Who but these same monks and nuns had the patience and dedication to spend the hours (months in fact) that were needed to laboriously make even one single good copy of a book? Their secular neighbours were struggling to survive off the land or fighting for their lives against barbarian invasion.
Monks did all these things as well, but ALSO cared enough about learning and knowledge to preserve it for posterity. And I’m not just talking about the Bible either. Where do you think the great medieval philosopher Thomas Aquinas got his incredible knowledge of Aristotle from if not for the religious scribes who preserved the best SECULAR learning of the Greeks and Romans as well as the religious.
How do you think culture, philosophy and ideas spread so easily from end to end of the Christian world if not for the fact that the Church, which was in every corner of it, had one common language - Latin - which funnily enough also became the language in which scientific and other works came to be transmitted as well. The two pretty much went hand in hand.

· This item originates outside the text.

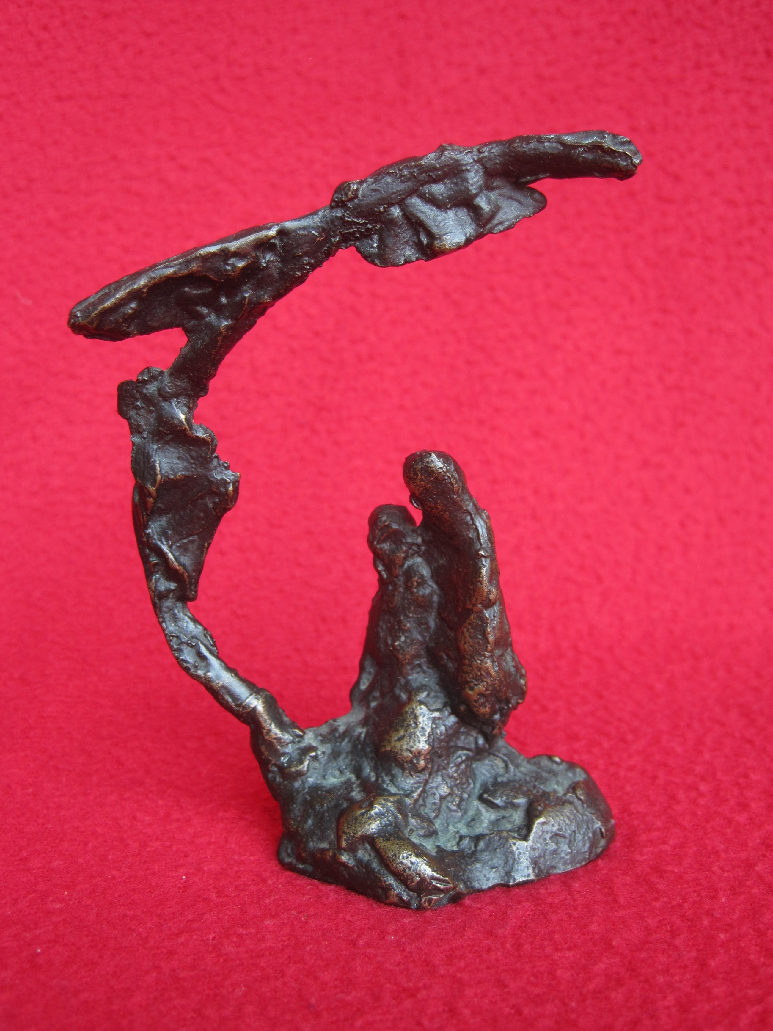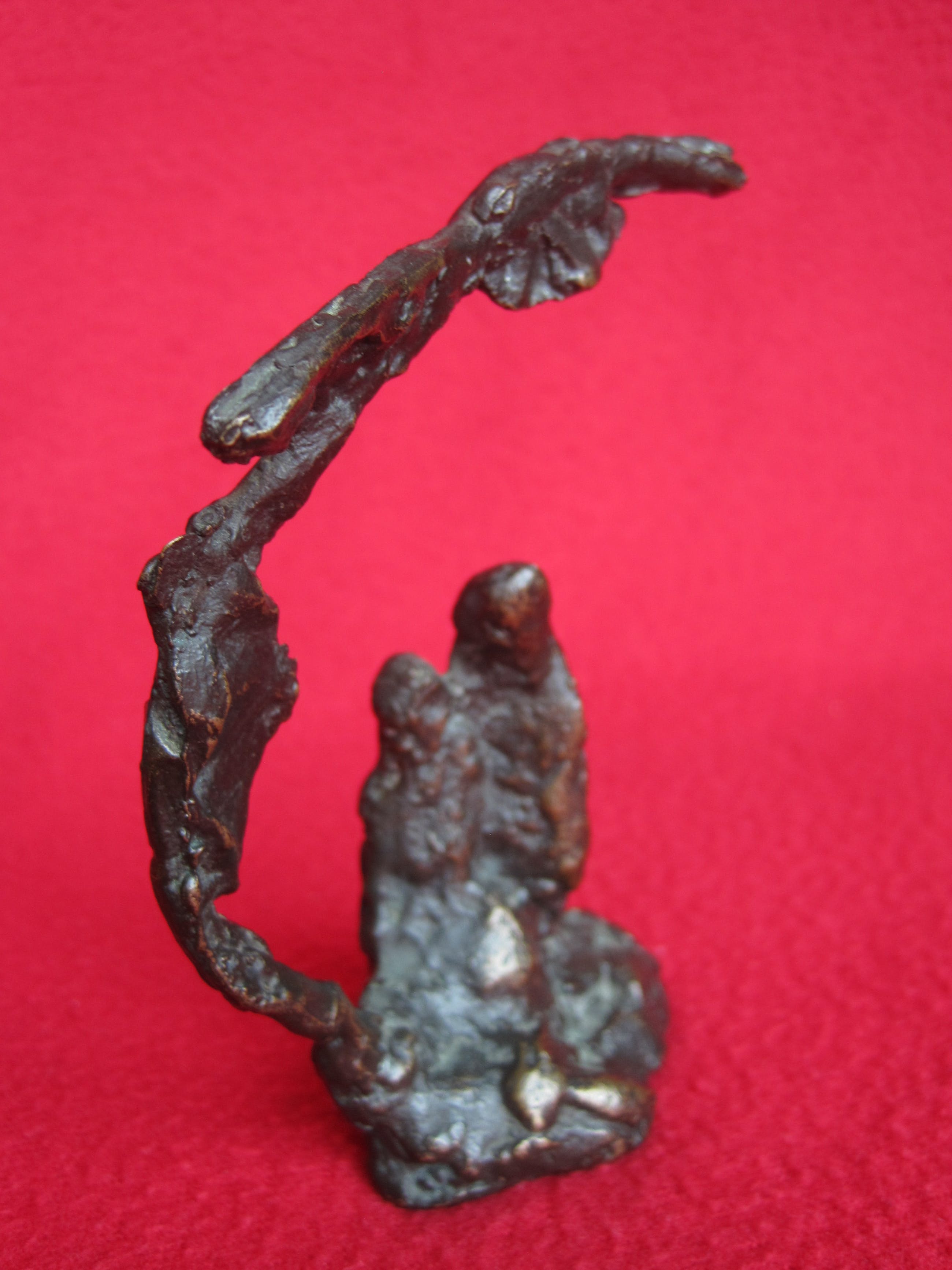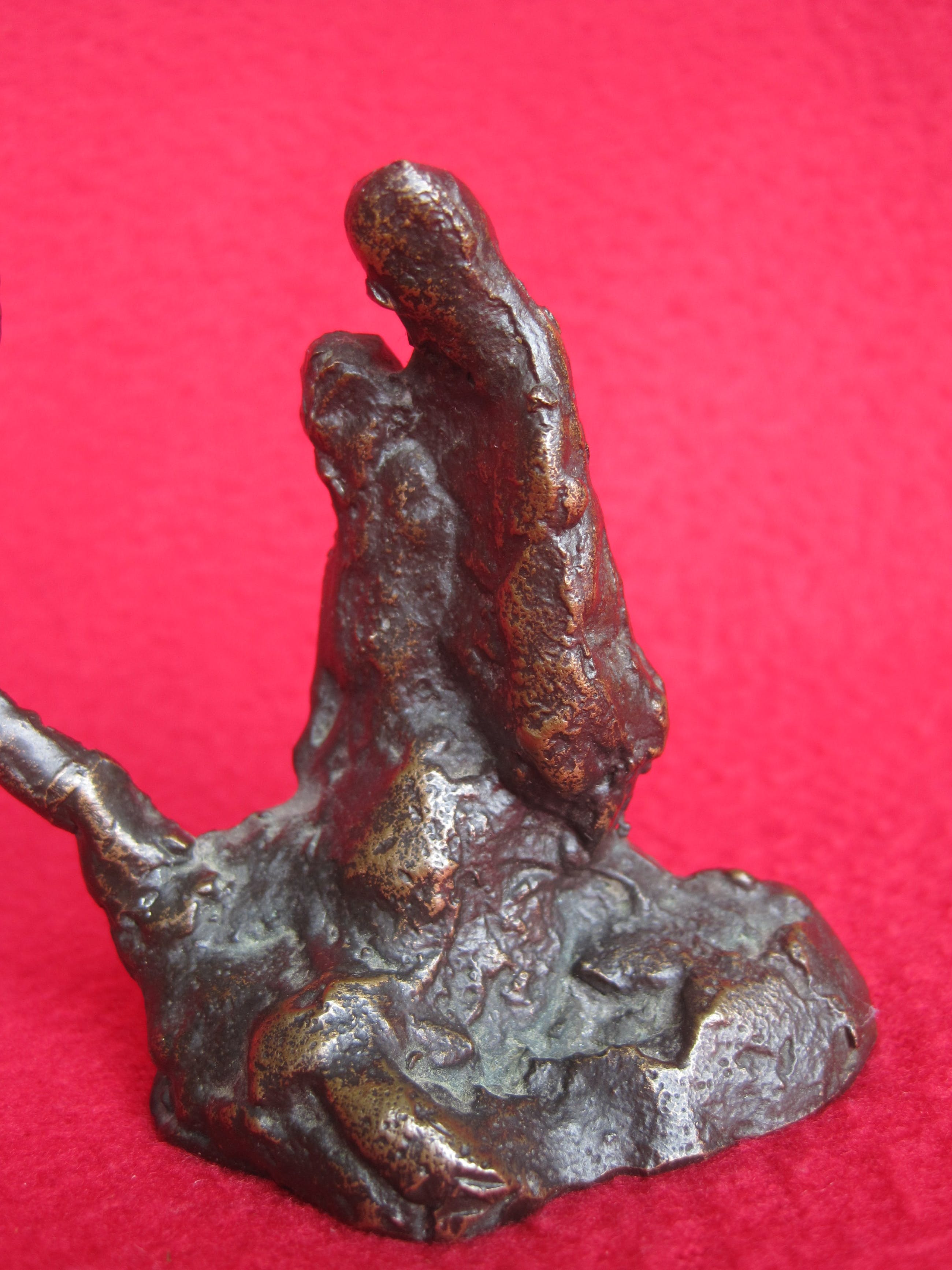 Prachtig verstild beeldje door Truus Menger( 1923-2016 ). Gemaakt van brons. Ik zie er twee personen in onder een boom. Het heeft dezelfde sfeer als van een Japanse houtdruk, zoals een of twee personen onder een volle maan. Gesigneerd achterkant TM.

I know you’re going to spout Gallileo at me. And you’re right, that was a major stuffup. Is any organisation going to go through 2000 years without a single mistake? But the Catholic Church was also one of the earliest supporters of Darwin’s evolutionary theory. Never had a real problem with his explanation of how humans physically came to be. Darwin’s theory of evolution, by the way, with its ideas of ‘survival of the fittest’ and so on, has caused more trouble in regard to relations between the different races and nations than most religious theories.
Funnily enough, in at least one particular area (race relations) most of the great reformers and agitators against African-American slavery, particularly in Britain, were inspired by strong religious faith and a belief that, as the Bible teaches, there is no distinction in God’s eyes between the races and no such thing as slave or freeman.
As for conflict - World War I and World War II were fights between good modern ‘scientific’ nations in the name of progress (ie control of colonies, natural resources and a position as industrial top dog). Nominally most of the participating nations on both sides were of the same Protestant (or at least Christian) faith, in reality they were then, as they are now, incredibly secular.
These two conflicts by themselves, let alone similar non-religious wars such as Vietnam, way outstrip any killing or violence ever done in the name of religion in scale and ferocity. Who ever in the name of religion obliterated cities in the way London, Dresden and Tokyo (not to mention Hiroshima and Nagasaki) were destroyed in WWII? So much for your ‘civilisation’.